EXERCISE DIRECTIONS
Among the entries below, find the line with "Kuhinjska zgornja omarica" and the line with "The Rosh HaNikra". Return exactly those lines and every line between them, but no pictures.

DATA EXCERPTS

***

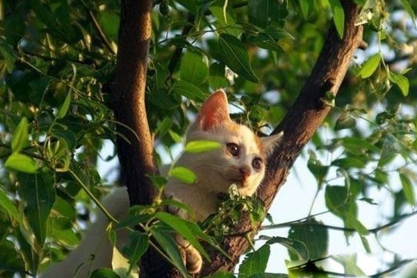 所有动、植物都有它的生存之道、延展之能,这是世界延续进化的自然规律。单说猫、为啥知道自己身临高处?凭我这个粗人的理解、应该是风力、气流来判断自己身处危险的境地,加上自己从未来过的异国它乡,所以它暂时不知所措,内心深处恐惧、害怕一失足成千古恨,猫的本身行动敏捷,弹跳自如,狗都不是它的下饭菜,小猫打赢大狗易如反掌、小菜一碟。在一个陌生的环境下,需要冷静片刻、专用探测系统(胡须)会自然感知所处的周边环境对己身的利弊,再由脑中心控制室发出指令,启动四肢往安全而可靠的一面急驰而去,离开这个是非之地,不可久留的地方。小猫咪被困10米高的树4天,最后是如何将其救下的?
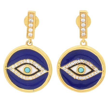 Choice of Plating Enamel, Campitos Turquoise & White Zircon Evil Eye Earrings
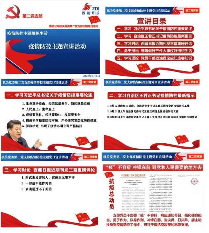 為貫徹落實區(qū)黨委和區(qū)政府國資委黨委近期工作部署、集團公司黨委具體工作要求,結合疫情防控工作實際,9月6日下午,中共西藏開發(fā)投資集團有限公司機關第二支部委員會組織全體黨員開展疫情防控主題黨日宣講活動。受疫情影響,活動以網(wǎng)絡視頻形式召開。集團公司黨委委員、副總經理、工會主席、機關黨委書記溫勇同志以普通黨員身份參加活動。
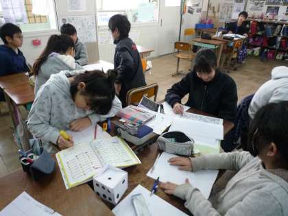 準備しよう 公開日 2019/02/15 更新日 2019/02/15 6年生の部屋 3月の発表に向けて 英語劇やすごろくなどの準備をがんばっています。 ずいぶんと出来上がったチームや まだまだ・・・のチームがありますが なんとかがんばって仕上げようね!
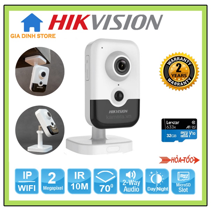 CAMERA IP HIKVISION DS-2CD2421G0-IW là dòng camera wifi (không dây) công nghệ mới 2021 của Hikvision, thiết kế thẩm mỹ nhỏ gọn, chắc chắn tính ổn định cao, camera có độ phân giải Full HD cho hình ảnh sắc nét, quan sát hồng ngoại ban đềm, tầm xa giám sát hồng ngoại 10m, chuẩn nén H.265+. HIKVISION DS-2CD2421G0-IW Hỗ trợ chống ngược sáng WDR tốt, tích hợp mic và loa trên camera, tích hợp khe cắm thẻ nhớ dung lượng tối đa 128GB nên phù hợp lắp đặt khu vực bên trong cho gia đinh, văn phòng, cửa hàng, shop thời trang, tiệm vàng,...
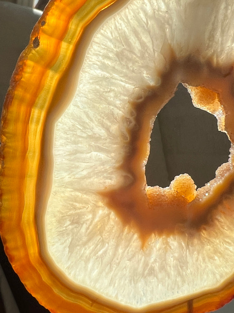 Very large natural agate with stunning colors and a super sparkly, drusy portal.
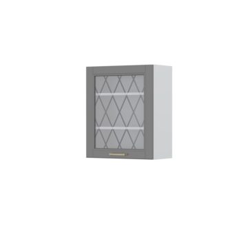 Kuhinjska zgornja omarica širine 60cm Tara z dvema policama. Izdelana je iz oplemenitene plošče, debeline 18mm. Okvir vrat je izdelan iz MDF-ja in profiliran v kombinaciji z kaljenim steklom.
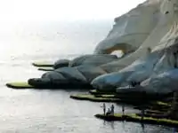 The Rosh HaNikra grottoes are cavernous tunnels formed by sea action on the soft chalk rock. The total length is some 200 metres. They branch off in various directions with some interconnecting segments. In the past, the only access to them was from the sea and experienced divers were the only ones capable of visiting. Today a cable car takes visitors down to see the grottos. A kibbutz, also named Rosh HaNikra, is located nearby. The Israeli city Nahariya is located about 10 km (6 miles) south of Rosh HaNikra. you must take a cable car to get into the grottoes. The Cable car is situated very close to the Lebanese border.
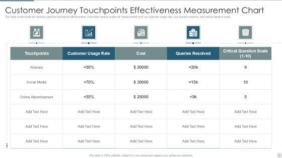 This slide covers table for tracking customer touchpoint effectiveness. It includes various scales for measurement such as customer usage rate, cost queries resolved, and critical question scale. Pitch your topic with ease and precision using this Customer Journey Touchpoints Effectiveness Measurement Chart Guidelines PDF. This layout presents information on Social Media, Online Advertisement, Customer Usage Rate. It is also available for immediate download and adjustment. So, changes can be made in the color, design, graphics or any other component to create a unique layout.
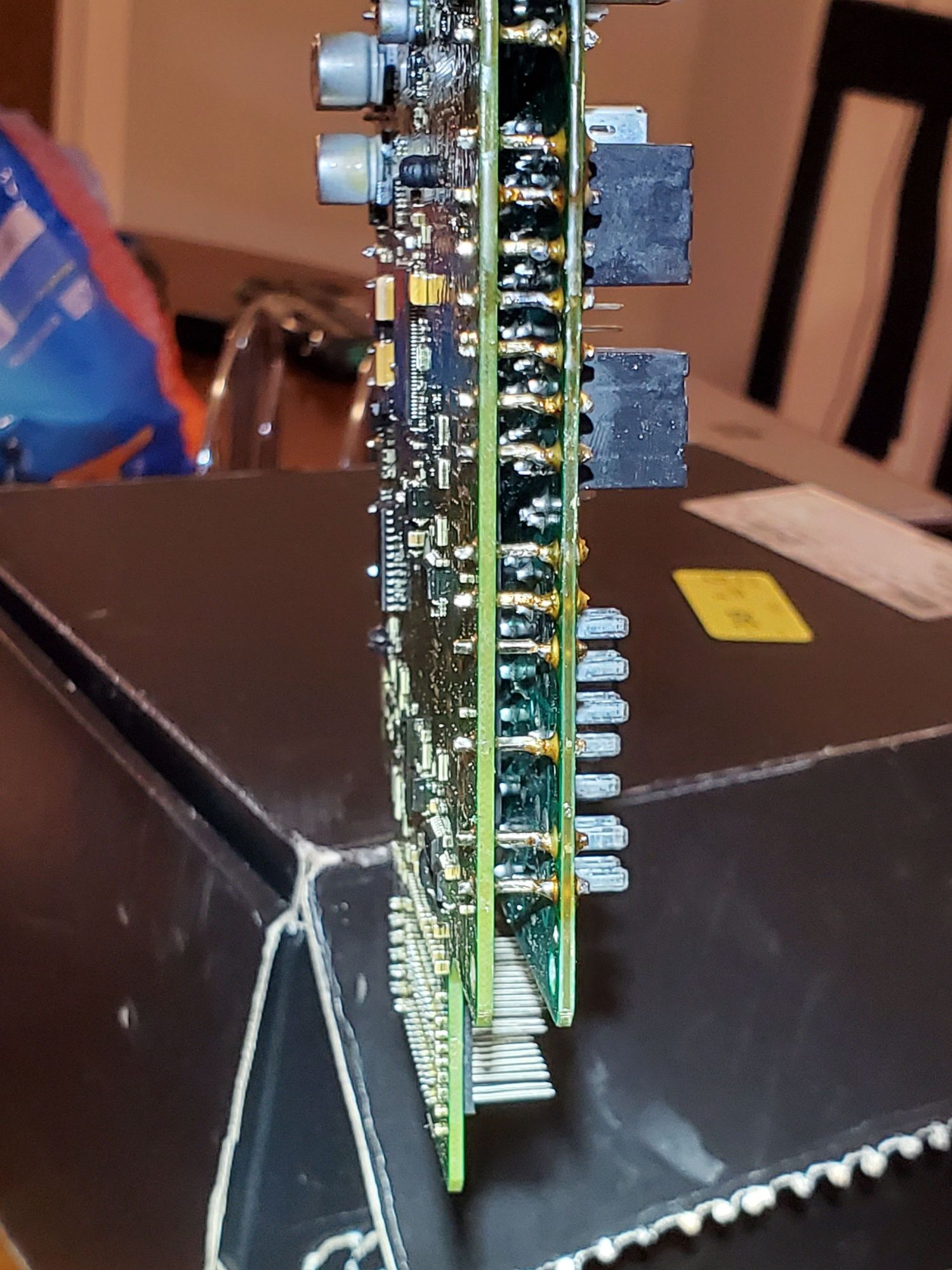 I used wire cutters to cut the studs to split the 2 boards apart. Here they have been soldered back together. I just soldered the seam that I cut.

***

ANSWER BOX
 Kuhinjska zgornja omarica širine 60cm Tara z dvema policama. Izdelana je iz oplemenitene plošče, debeline 18mm. Okvir vrat je izdelan iz MDF-ja in profiliran v kombinaciji z kaljenim steklom.
 The Rosh HaNikra grottoes are cavernous tunnels formed by sea action on the soft chalk rock. The total length is some 200 metres. They branch off in various directions with some interconnecting segments. In the past, the only access to them was from the sea and experienced divers were the only ones capable of visiting. Today a cable car takes visitors down to see the grottos. A kibbutz, also named Rosh HaNikra, is located nearby. The Israeli city Nahariya is located about 10 km (6 miles) south of Rosh HaNikra. you must take a cable car to get into the grottoes. The Cable car is situated very close to the Lebanese border.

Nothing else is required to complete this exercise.